───── Material to process
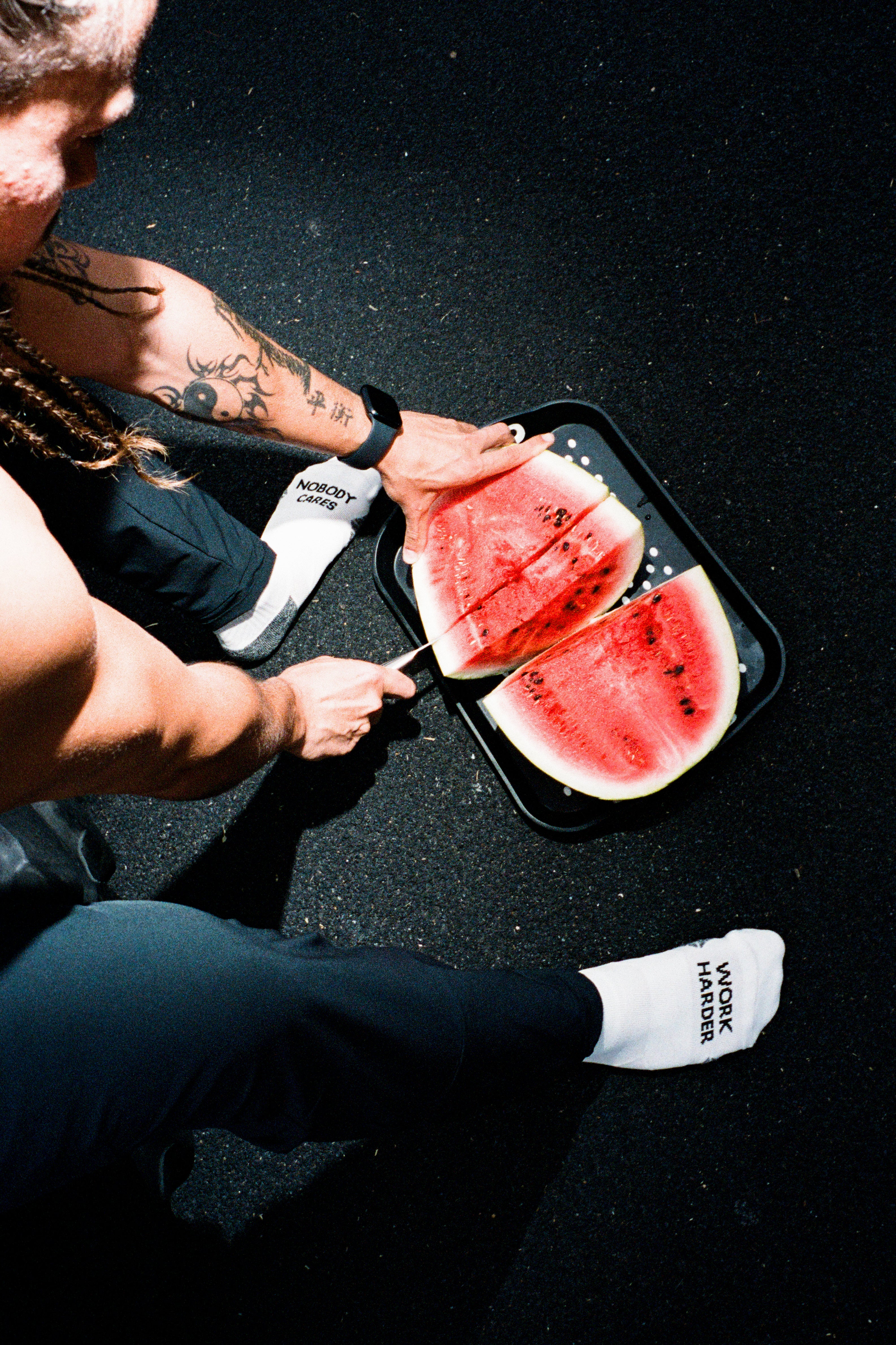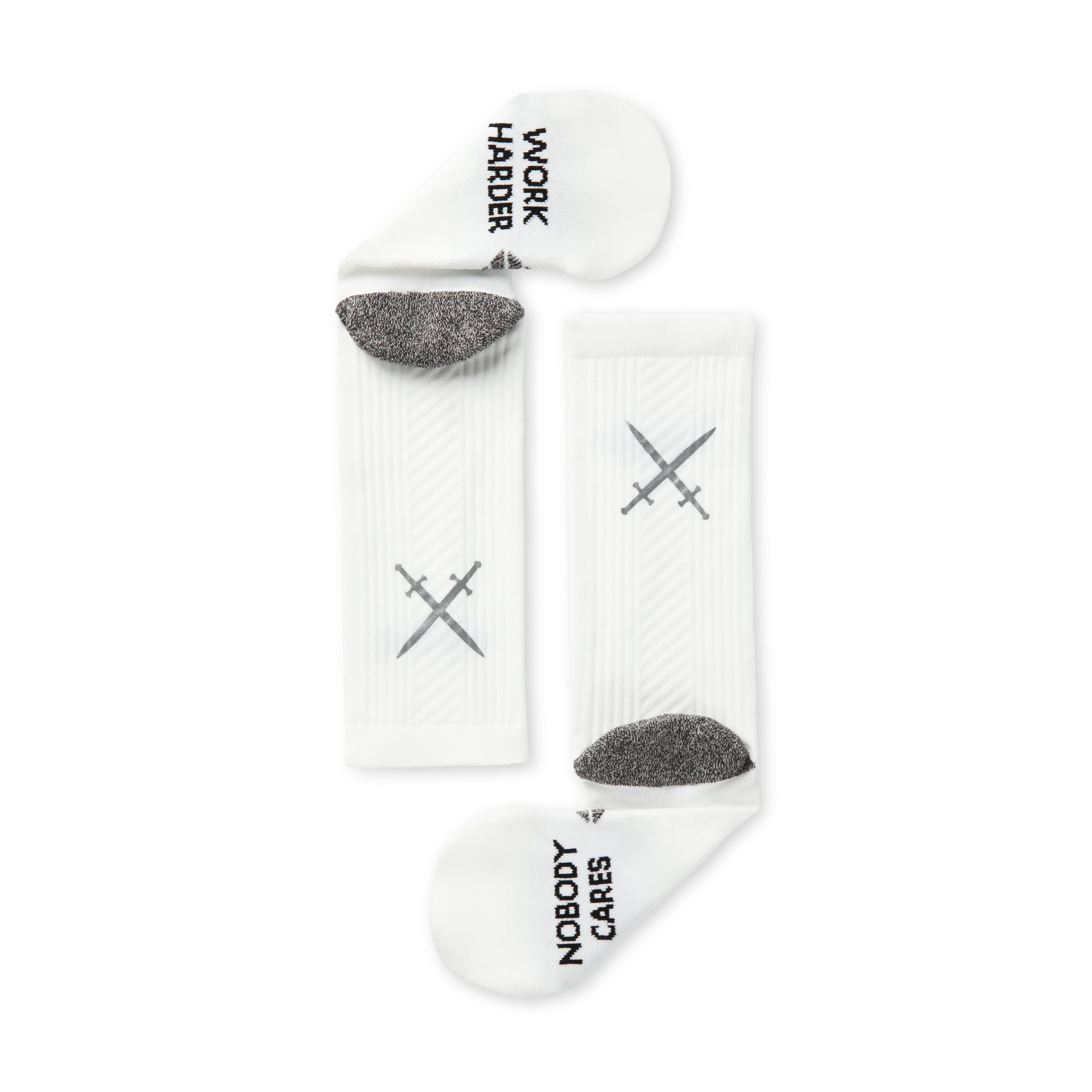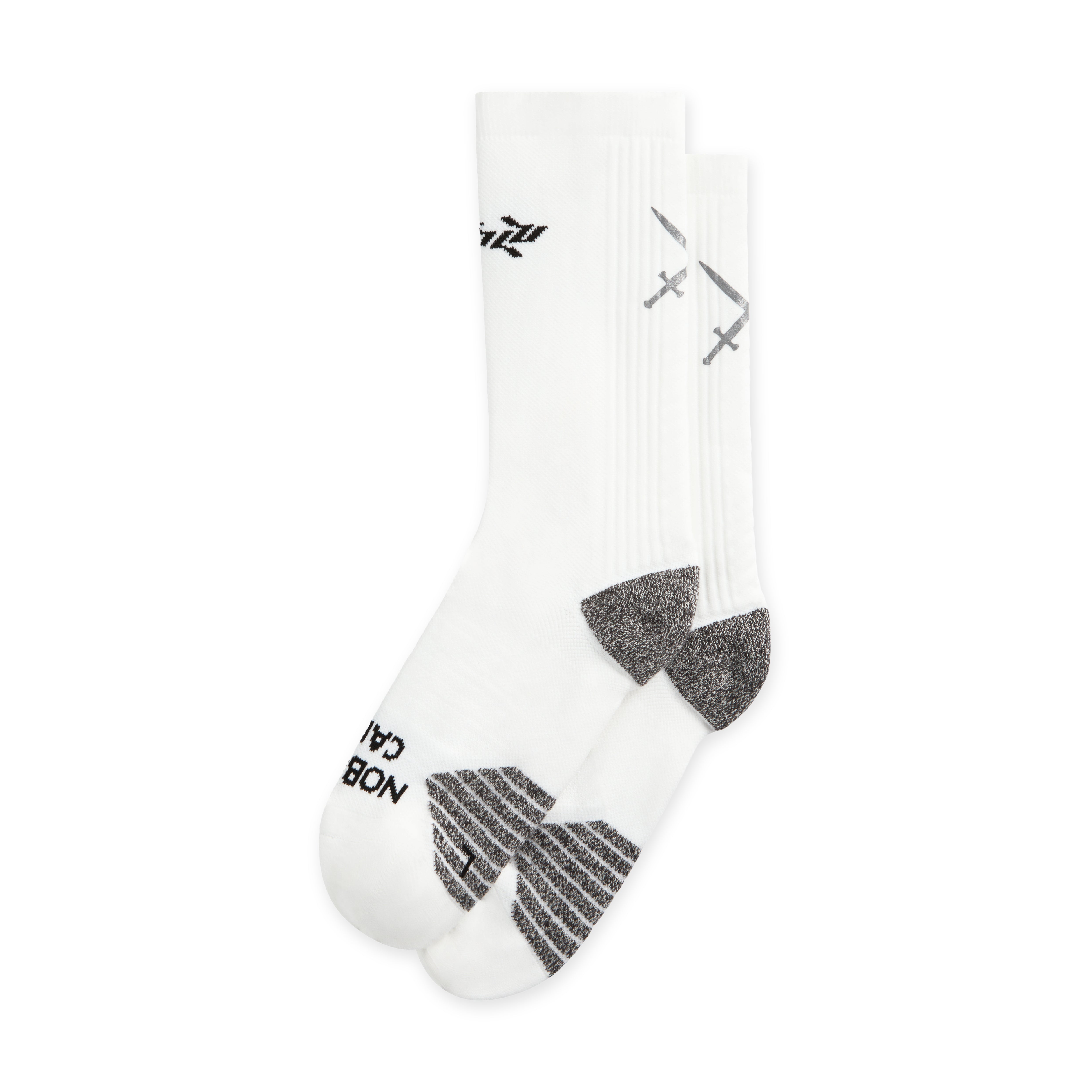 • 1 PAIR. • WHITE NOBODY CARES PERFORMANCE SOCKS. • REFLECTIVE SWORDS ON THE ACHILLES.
──────────
───── Material to process
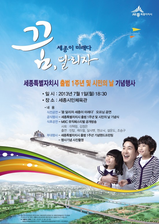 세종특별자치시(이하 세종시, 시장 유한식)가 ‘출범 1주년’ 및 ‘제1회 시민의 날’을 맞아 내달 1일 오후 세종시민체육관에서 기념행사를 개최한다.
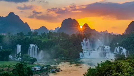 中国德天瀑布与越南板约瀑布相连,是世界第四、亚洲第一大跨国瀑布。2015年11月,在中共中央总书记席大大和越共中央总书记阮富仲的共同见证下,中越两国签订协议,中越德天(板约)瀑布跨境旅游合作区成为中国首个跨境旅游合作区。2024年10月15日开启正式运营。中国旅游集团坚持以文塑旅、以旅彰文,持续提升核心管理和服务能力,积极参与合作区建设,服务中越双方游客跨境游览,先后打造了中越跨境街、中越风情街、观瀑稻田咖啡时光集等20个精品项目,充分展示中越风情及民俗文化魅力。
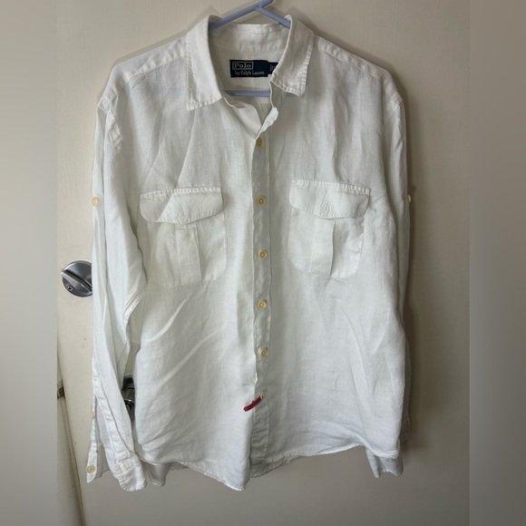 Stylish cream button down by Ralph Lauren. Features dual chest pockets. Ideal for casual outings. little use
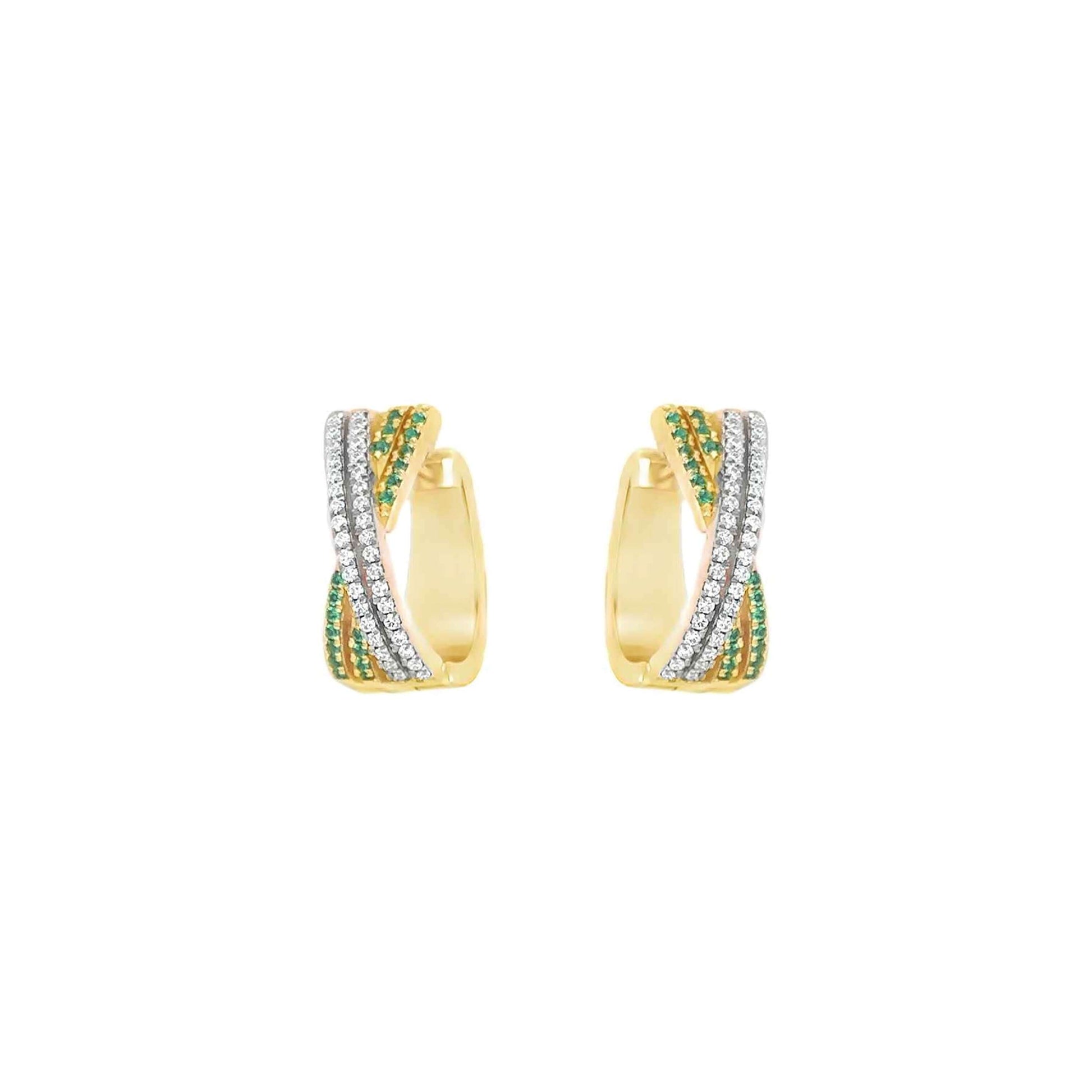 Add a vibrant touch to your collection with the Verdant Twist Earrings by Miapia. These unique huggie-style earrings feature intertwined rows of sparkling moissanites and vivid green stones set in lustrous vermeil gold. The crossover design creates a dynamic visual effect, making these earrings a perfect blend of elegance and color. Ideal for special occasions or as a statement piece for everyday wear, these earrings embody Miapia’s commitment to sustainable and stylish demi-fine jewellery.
──────────
───── Material to process
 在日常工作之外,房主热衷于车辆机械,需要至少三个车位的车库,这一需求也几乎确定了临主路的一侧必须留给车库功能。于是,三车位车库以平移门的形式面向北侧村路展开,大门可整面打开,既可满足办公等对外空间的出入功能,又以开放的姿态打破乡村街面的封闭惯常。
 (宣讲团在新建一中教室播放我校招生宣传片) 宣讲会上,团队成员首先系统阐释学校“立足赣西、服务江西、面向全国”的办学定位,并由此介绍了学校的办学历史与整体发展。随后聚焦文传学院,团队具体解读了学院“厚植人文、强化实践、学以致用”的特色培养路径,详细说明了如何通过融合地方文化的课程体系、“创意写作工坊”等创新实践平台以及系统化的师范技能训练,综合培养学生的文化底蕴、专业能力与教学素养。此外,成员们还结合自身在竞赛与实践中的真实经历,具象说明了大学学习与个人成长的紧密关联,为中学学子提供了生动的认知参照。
──────────
| Exercise instructions |
Once the line with "中国德天瀑布与越南板约瀑布相" is found in the data above, reproduce it and each line after it exactly, through the line with "Stylish cream button". Omit the pictures.

| Finished exercise |
 中国德天瀑布与越南板约瀑布相连,是世界第四、亚洲第一大跨国瀑布。2015年11月,在中共中央总书记席大大和越共中央总书记阮富仲的共同见证下,中越两国签订协议,中越德天(板约)瀑布跨境旅游合作区成为中国首个跨境旅游合作区。2024年10月15日开启正式运营。中国旅游集团坚持以文塑旅、以旅彰文,持续提升核心管理和服务能力,积极参与合作区建设,服务中越双方游客跨境游览,先后打造了中越跨境街、中越风情街、观瀑稻田咖啡时光集等20个精品项目,充分展示中越风情及民俗文化魅力。
 Stylish cream button down by Ralph Lauren. Features dual chest pockets. Ideal for casual outings. little use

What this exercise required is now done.